The implementation will follow the same pattern: a case class that overrides the key Pipe trait methods, and a companion object that contains a helper to construct new pipes, as well as all the callback requests. One thing that helps us is that—unlike the file input pipe—we don’t have to chain together asynchronous calls; all of the output will be initiated by a call to feed(), so we only need to handle the sync/async switch in that one spot. With this design, the case class will look something like this:
| case class FileOutputPipe(fd:Int, serial:Int, async:Boolean) |
| extends Pipe[String,Unit] { |
| import LibUV._, LibUVConstants._ |
| import stdlib._, string._ |
| var offset = 0L |
| |
| val writeCB = if (async) { FileOutputPipe.writeCB } else null |
| |
| override def feed(input:String):Unit = { |
| val output_size = input.size |
| val req = stdlib.malloc(uv_req_size(UV_FS_REQ_T)).asInstanceOf[FSReq] |
| |
| val output_buffer = malloc(sizeof[Buffer]).asInstanceOf[Ptr[Buffer]] |
| output_buffer._1 = malloc(output_size) |
| Zone { implicit z => |
| val output_string = toCString(input) |
| strncpy(output_buffer._1, output_string, output_size) |
| } |
| output_buffer._2 = output_size |
| !req = output_buffer.asInstanceOf[Ptr[Byte]] |
| |
| uv_fs_write(EventLoop.loop,req,fd,output_buffer,1,offset,writeCB) |
| offset += output_size |
| } |
| |
| override def done():Unit = { |
| val req = stdlib.malloc(uv_req_size(UV_FS_REQ_T)).asInstanceOf[FSReq] |
| uv_fs_close(EventLoop.loop,req,fd,null) |
| FileOutputPipe.active_streams -= serial |
| } |
| } |
Whereas the initialization code in the companion object is mostly standard—the only difference here is that we choose whether to set the async flag to true or false:
| object FileOutputPipe { |
| import LibUV._, LibUVConstants._ |
| import stdlib._ |
| |
| var active_streams:mutable.Set[Int] = mutable.Set() |
| var serial = 0 |
| |
| def apply(path:CString, async:Boolean = true):FileOutputPipe = { |
| active_streams += serial |
| |
| stdio.printf(c"opening %s for writing..\n", path) |
| val fd = util.open(path,O_RDWR + O_CREAT,default_permissions) |
| println(s"got back fd: $fd") |
| |
| |
| val pipe = FileOutputPipe(fd,serial,async) |
| serial += 1 |
| println(s"initialized $pipe") |
| pipe |
| } |
And then the on_write callback is routine:
| val writeCB = new FSCB { |
| def apply(req:FSReq):Unit = { |
| println("write completed") |
| val resp_buffer = (!req).asInstanceOf[Ptr[Buffer]] |
| stdlib.free(resp_buffer._1) |
| stdlib.free(resp_buffer.asInstanceOf[Ptr[Byte]]) |
| stdlib.free(req.asInstanceOf[Ptr[Byte]]) |
| } |
| } |
That’s it!
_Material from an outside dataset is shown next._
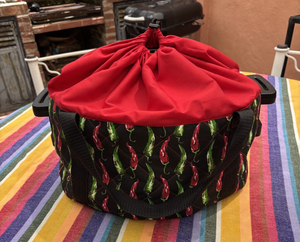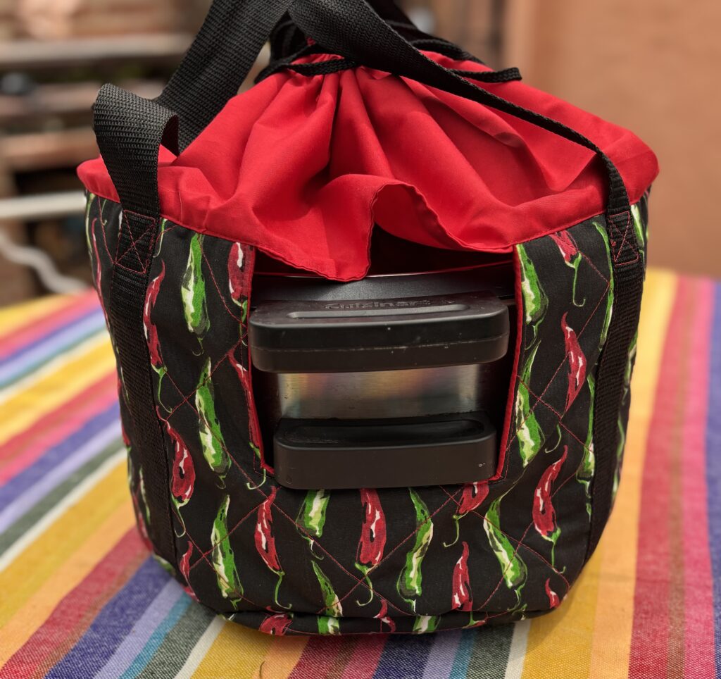 The bottom and sides of the carrier are quilted with heat safe interfacing (the same type of interfacing that's used for oven mitts). And the top of the carrier features a unique drawstring casing to keep your lid on as you transport the slow cooker.
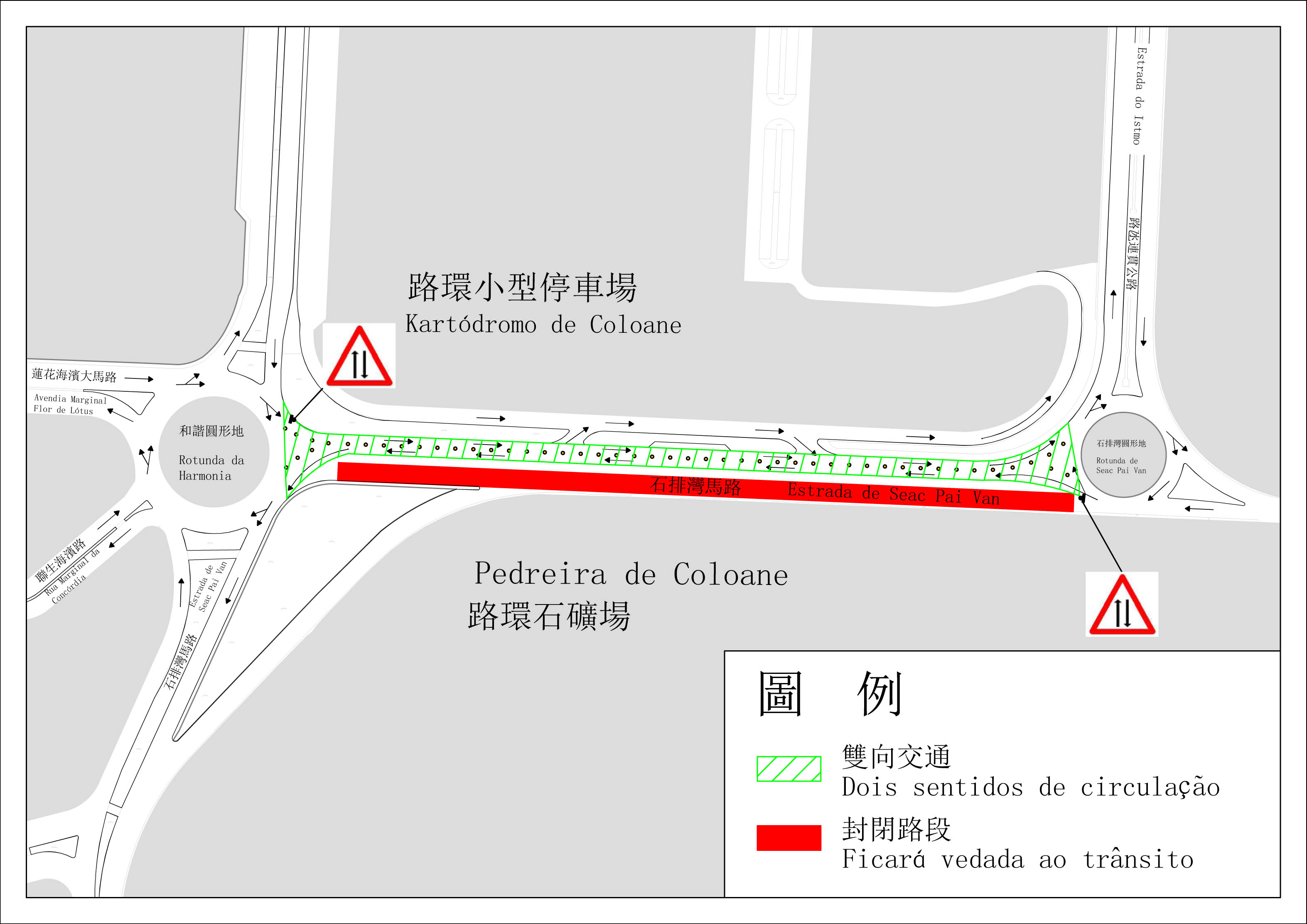 因應路環的發展需要,土地工務運輸局現正於路環開展下水道整治工程,配合有關工作,介乎和諧圓形地與石排灣圓形地之間的一段石排灣馬路靠向石礦場一側,將於本月31日(周二)早上11時起封閉交通,至於介乎和諧圓形地與石排灣圓形地之間的一段石排灣馬路靠向路環小型賽車場一側,將臨時改作雙向通車。與此同時,石排灣馬路近石礦場之巴士站亦將臨時停用,乘坐15、21A、25、26、26A、50及N3路線的乘客可改於“和諧圓形地"站上落。上述臨時交通改動措施為期120日。

Now, we can plug in this FileOutputPipe at the end of a pipeline by passing to addDestination, like so:
| object FileOutputPipeExample { |
| import LibUV._, LibUVConstants._ |
| def main(args:Array[String]):Unit = { |
| println("hello!") |
| val p = SyncPipe(0) |
| val p = FilePipe(c"./data.txt") |
| |
| val q = p.map { d => |
| println(s"consumed $d") |
| d |
| }.map { d => |
| val parsed = Try { |
| d.toInt |
| } |
| println(s"parsed: $parsed") |
| parsed.toString |
| } |
| .addDestination(FileOutputPipe(c"./output.txt", false)) |
| uv_run(EventLoop.loop,UV_RUN_DEFAULT) |
| println("done") |
| } |
| } |
This should produce about the same output as our previous program, when run:
| $ ./target/scala-2.11/file_output-out |
| uv_prepare_init returned 0 |
| uv_prepare_start returned 0 |
| read 4 bytes from pipe 0 |
| consumed foo |
| parsed: Failure(java.lang.NumberFormatException: foo) |
| error: java.lang.NumberFormatException: foo |
| read 2 bytes from pipe 0 |
| consumed 1 |
| parsed: Success(1) |
| saw number 1 |
| read 2 bytes from pipe 0 |
| consumed 2 |
| parsed: Success(2) |
| saw number 2 |
| read -4095 bytes from pipe 0 |
| size < 0, closing |
| stopping dispatcher |
| done |
This looks good so far, but let’s look at the contents of the file we wrote:
| Failure(java.lang.NumberFormatException: foo) |
| Success(1) |
| Success(2) |
Looks good! With standard input and output both taken care of, we can move on to some trickier cases.